Scripture: John 12: 20-33

We have been rushing through the season of Lent toward the inevitable—Holy Week. The fifth Sunday in Lent challenges us to look at those old time religious words we 21st century people would rather avoid—confession, suffering, salvation.

Psalm 51 doesn’t let us off the hook at all—not anyone. We are blasted with honest, emphatic words. We are charged with sin, told we are bent out of shape, and accused of intentional wrongdoing toward others. It is a Psalm of traumatic truth and tenacious trust. Do you know what truth has to do with trust? It is the truth that makes trust possible. And it is trust that helps us hear the truth.

And I think the truth is there is a hunger for Jesus in the world. I also think that those of us who grew up in the church don’t realize that. We take Jesus for granted. He is so much a part of us, that we have forgotten how to talk about him with passion and authenticity, the two things that the world needs right now in the church…passion and authenticity… like the Psalmist who confesses so boldly the centrality of sin, the healing power of guilt, and the crying of the old heart for a new heart, a creative heart, a clean heart.

During Lent we have been praying a unison prayer of confession in worship. Today’s prayer was written by the Sunday School class. Confession is telling the truth. This is the way it is, God. This is where we messed up. This is how we have been bad. And as we confess, we yearn for for the Holy Spirit to wipe our slate clean and give us a new start with a clean heart.

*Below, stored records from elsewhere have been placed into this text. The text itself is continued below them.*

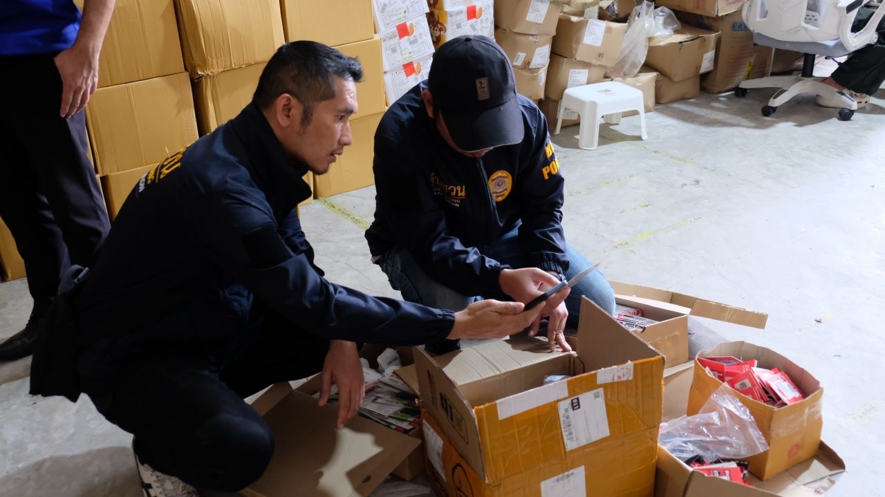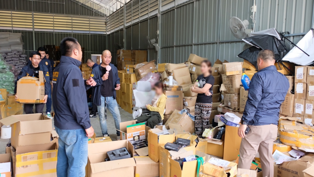 ในการตรวจสอบเบื้องต้น โกดังสินค้าดังกล่าวมีเนื้อที่ประมาณ 1 งาน สินค้าที่กักเก็บอยู่ในโกดังมีหลากหลายรูปแบบ ทั้งผลิตภัณฑ์อาหารเสริม เครื่องสำอาง ยารักษาโรค สินค้าที่ใช้สำหรับสัตว์เลี้ยง สินค้าของตกแต่งบ้าน สินค้าอิเล็กทรอนิกส์ และสิ่งเทียมอาวุธ มีทั้ง อาวุธปืนปลอม สนับมือ กระบองโซ่บรูซลี จำนวนมาก โดยสินค้าส่วนใหญ่ถูกนำเข้ามาจากประเทศจีน ถูกวางกองพะเนินเต็มโกดัง นอกจากนี้ยังพบชายชาวจีน 1 คน ชายไทย 1 คน และผู้หญิงไทย 2 คน กำลังแพ็คสินค้าใส่กล่องพัสดุ เตรียมส่งให้กับลูกค้า เจ้าหน้าที่จึงได้สั่งให้ยุติการทำงาน พร้อมทั้งให้นำเอกสารการนำเข้าสินค้าดังกล่าวมาแสดง แต่ปรากฏว่าคนที่อยู่ภายในโกดังไม่สามารถนำเอกสารมาแสดงที่มาของสินค้าดังกล่าวได้ เบื้องต้นจึงทำการตรวจยึดสินค้าทั้งหมดไว้ทำการตรวจสอบ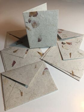 These handmade papers are made from 100% recycled cotton and silk fibres and have some petals on the surface as well as those embedded during manufacture.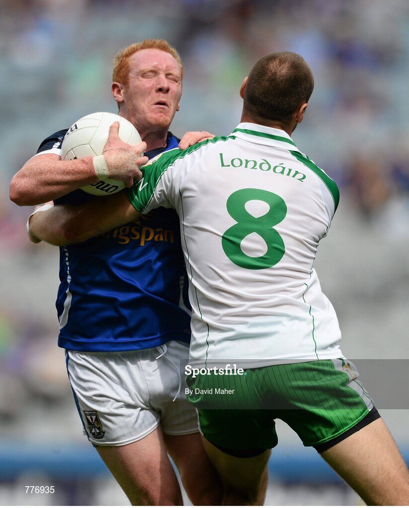 27 July 2013; Cian Mackey, Cavan, in action against Caolan Doyle, London. GAA Football All-Ireland Senior Championship, Round 4, London v Cavan, Croke Park, Dublin. Picture credit: David Maher / SPORTSFILE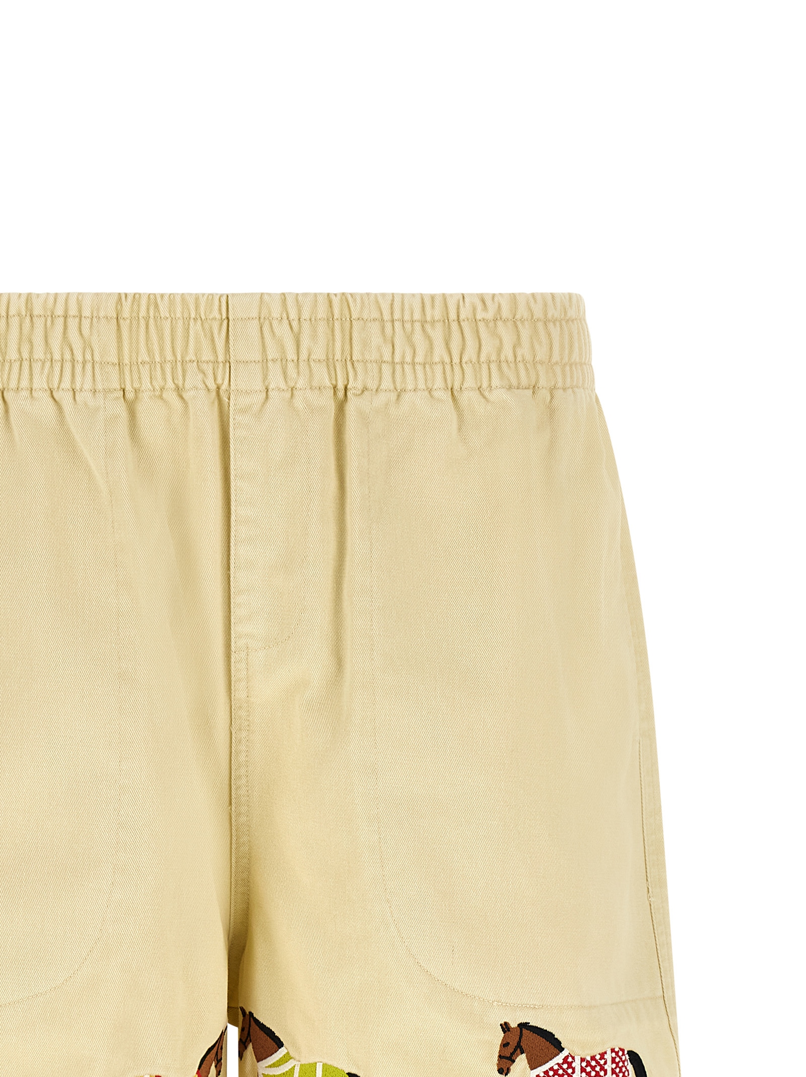 ‘Horse’ cotton twill bermuda shorts with embroidery on the leg bottom, flared leg, elastic waistband, pockets.

I’m sure you know that “heart” in the Bible does not mean the beating muscle in our chest. The biblical heart is the strong spiritual center that integrates our feelings, our knowing, our experiences. It is the place that God knows and can fill. The prophet Jeremiah spoke of a new day when God would write a covenant, God’s law, God’s relationship with humanity, not on tablets of stone, but on our hearts, on the essence of our being, on our souls—God can and will write on our hearts, marking us for life and transforming us into suffering servants.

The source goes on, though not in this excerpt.